After viewing Ms Bianco's Mile of Paper intervention in 2008 which interacted directly with the permanent exhibits in the National Museum of Fine Arts in Valletta, I asked her whether she had ever undertaken a project which combined art and fashion in a retail outlet.

"It's the first time I've created a project like this... I took it on because I was attracted to the provocation of art placed in the obvious commercial context of a trendy fashion boutique like Soho situated right in the heart of Brussels' fashionable high street shops... and I liked playing with and turning that very context around.

"Part of the success of a work is its contextualisation and how you work and transform certain elements to create a holistic sense of experience in a space... when I take on a site it becomes an exercise of carefully considered interrelational feelings, meanings and conceptual links...

"No less with this current space. I created this body of work with the context of this Brussels shop in mind, conceptualising the consumptive industry of the fashion world and combining it with the raunchy iconography of the sex industry of its namesake Soho - the seduction of the sex and fashion industries are dynamic elements that give to a metropolis its urban commodification and pulse. Apart from this I work intuitively with the physical space and objects I find on site... in this case I fell upon five mannequins in the store which I used as a sculptural echo of one of my naughty images, while generally responding to the industrial look of the shop's interior in the installation design for my work."
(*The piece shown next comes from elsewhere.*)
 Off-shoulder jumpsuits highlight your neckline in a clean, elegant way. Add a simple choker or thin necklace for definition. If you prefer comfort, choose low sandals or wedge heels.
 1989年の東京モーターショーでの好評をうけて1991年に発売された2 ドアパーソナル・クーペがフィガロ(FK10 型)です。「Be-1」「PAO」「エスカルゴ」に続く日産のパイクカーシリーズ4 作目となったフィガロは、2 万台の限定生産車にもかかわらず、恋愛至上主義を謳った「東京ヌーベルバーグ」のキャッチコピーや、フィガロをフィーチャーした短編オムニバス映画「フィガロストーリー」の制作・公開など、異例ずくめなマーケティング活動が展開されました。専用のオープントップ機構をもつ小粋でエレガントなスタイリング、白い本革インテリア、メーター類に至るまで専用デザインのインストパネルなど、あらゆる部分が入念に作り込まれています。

Although Brussels might not be that far, and the Maltese community there might be fairly abundant, it is not exactly your shop around the corner to visit in between errands. So I wonder whether Ms Bianco would consider bringing this show to Malta, especially bearing in mind the hullaballoo caused last year due to another artist's conjoining of art, pornography and politics (or politicians to be specific): "I may show some of this work in Malta eventually in the right environment and temperament.
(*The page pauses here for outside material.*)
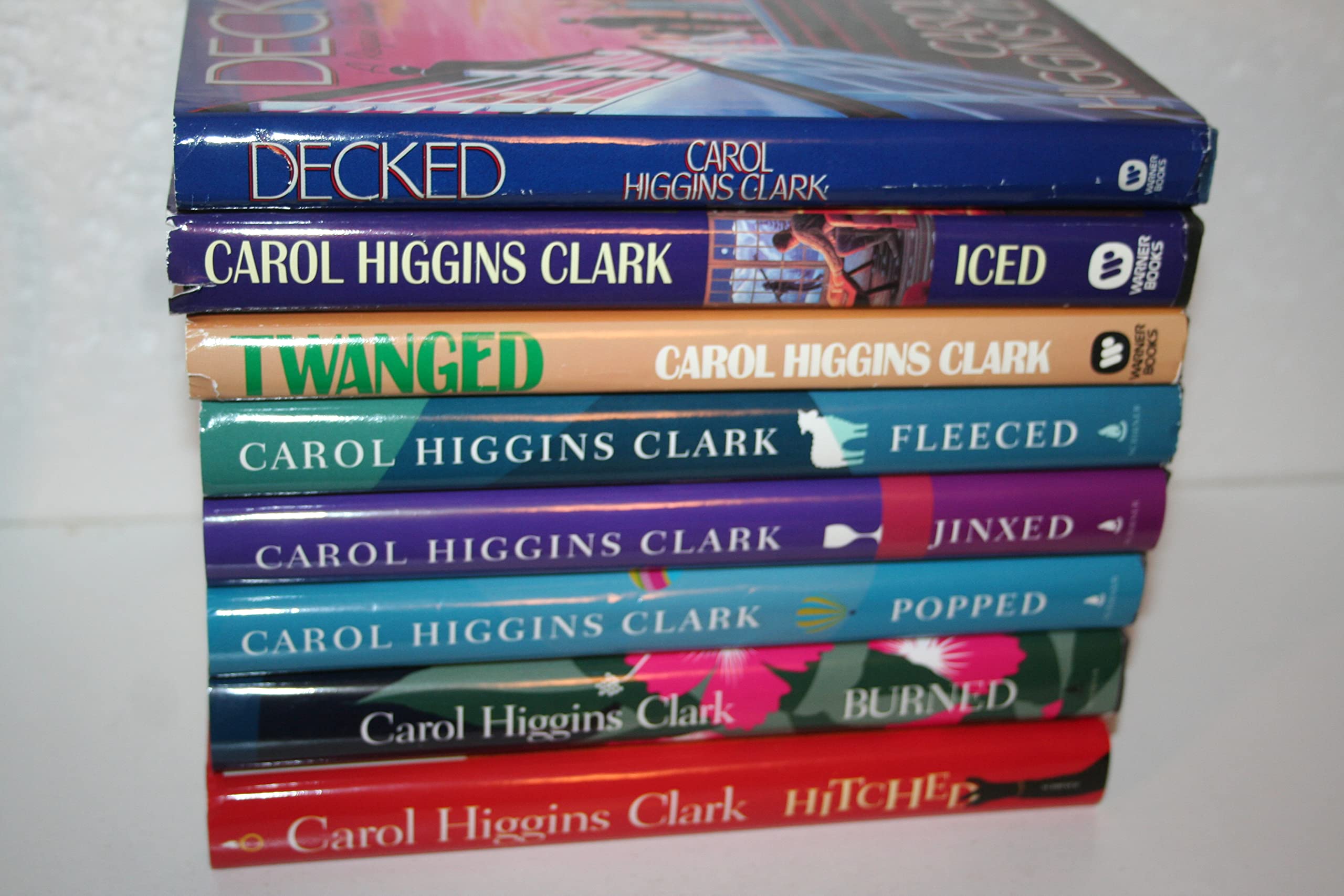 Series Titles Regan Reilly 1. Decked (1992) 3. Iced (1995) 4. Twanged (1998) 5. Fleeced (2001) 6. Jinxed (2002) 7. Popped (2003) 8. Burned (2005) 9. Hitched (2006)

I cannot quite see why it should be met with resistance, though recent reaction and appalling taboo never seize to surprise. My work engages tongue-in-cheek hints to the current hot issues of censorship in Malta.

This double-take plays on the fact that censoring under the guise of 'protection' often generates a more illicit market. So, I feel, on my own initiative, I took a message to 'Brussels' that as a society we are not all 50 years behind the rest of Europe in the way we censor artistic expression."
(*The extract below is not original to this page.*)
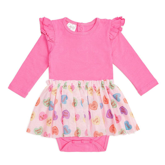 Candy Hearts Valentine's Day Long Sleeve Tutu Bodysuit Baby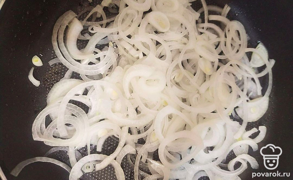 Лук нарезать полукольцами и отправить на разогретую сковороду с растительным маслом обжариваться до мягкости.

Ms Bianco relates how Liza Minelli's song and lyrics "money makes the world go round, the world go round..." from Cabaret inspired her. "I translate these words into my own visual language to express how 'sex, art and celebrity make the world go round!' The conceptual thread running through my exhibition relates to the commodification of the image; the way this is consumed and the cliché of desire. Part of the visual semiology I use linking the works together is created through the ubiquitous price tag... which of course is price-less! The tag, therefore, stands as a symbol of promise, the panacea for fulfilment sought in a world of exchange."

All in all, Ms Bianco's work proves a very important point... That art need not be "beautiful" or pertain to conventional aesthetics for it to be relevant or for one to derive pleasure from it. Ms Bianco's work is powerful in more ways than one and it touches directly on a "hot" topic which has been the subject of much debate in longer than I care to remember.

Such debate is nevertheless conducive to growth and whether we like it (or accept it) or not, it also defines who we are, so we might as well embrace it.

www.ruthbianco.com

Dirty Painting And Other Works is on show at Le Boutique, Place Stéphanie, Brussels till April 7.